## AIM OF THE EXERCISE
For this listing, reproduce the line with "e envelope bege", the line with "اکتی ناتال پلاس،", and the lines between, exactly as they stand. Leave out pictures and all other lines.

## RECORDS FOR PROCESSING

▼

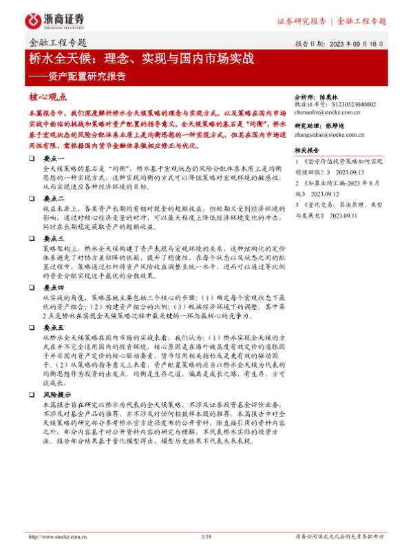【浙商证券】【20230916】资产配置研究报告:桥水全天候,理念、实现与国内市场实战-18页
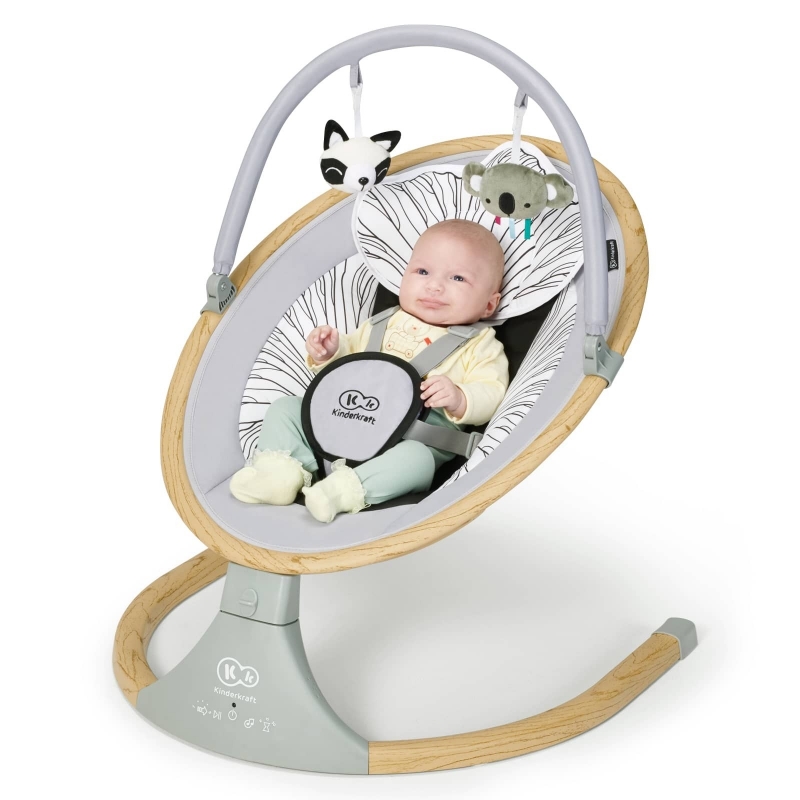 Stolica za ljuljanje Kinderkraft LULI ima podesive sigurnosne pojaseve u 5 tačaka, koji istovremeno obezbjeđuju udobnost djeteta. Pojasevi Imaju širok i mekan međunožni kaiš.
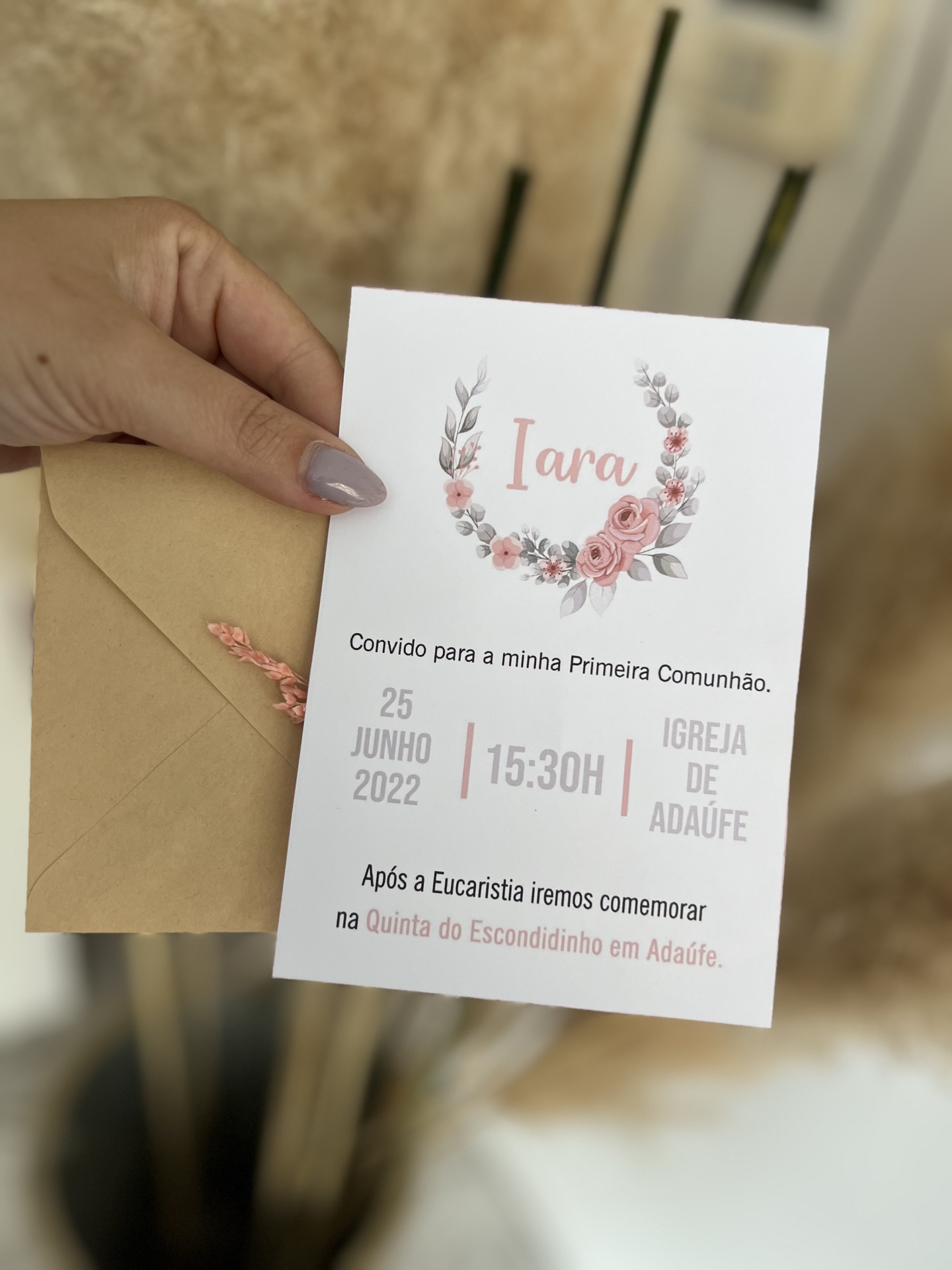• Convite de Primeira Comunhão com design floral em papel branco e envelope bege
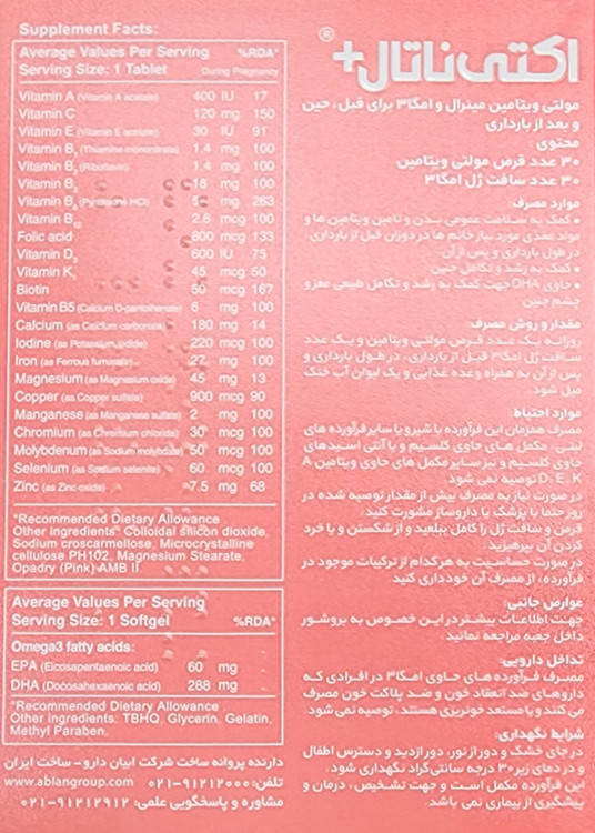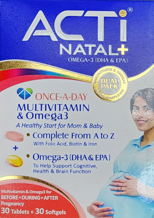 اکتی ناتال پلاس، حاوی ۳۰ عدد قرص مولتی ویتامین و ۳۰ عدد سافت ژل امگا ۳ برای تأمین نیازهای تغذیهای مادران در دوران بارداری و شیردهی
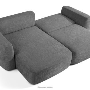 Ľavá rohová pohovka a kreslo v štýle Japandi tmavošedá ženilka prináša revolúciu v poňatí relaxácie. Jeho srdcom je inovatívne sedadlo, ktorého jedinečný vypuklý tvar polmesiaca je nielen pútavý, ale predovšetkým poskytuje bezkonkurenčné pohodlie. Vďaka použitiu vlnitých pružín typu B a vysokokvalitnej peny HR30 je sedadlo stredne tvrdé a zároveň mimoriadne pružné a mäkké.

▲

## EXPECTED ANSWER
• Convite de Primeira Comunhão com design floral em papel branco e envelope bege
 اکتی ناتال پلاس، حاوی ۳۰ عدد قرص مولتی ویتامین و ۳۰ عدد سافت ژل امگا ۳ برای تأمین نیازهای تغذیهای مادران در دوران بارداری و شیردهی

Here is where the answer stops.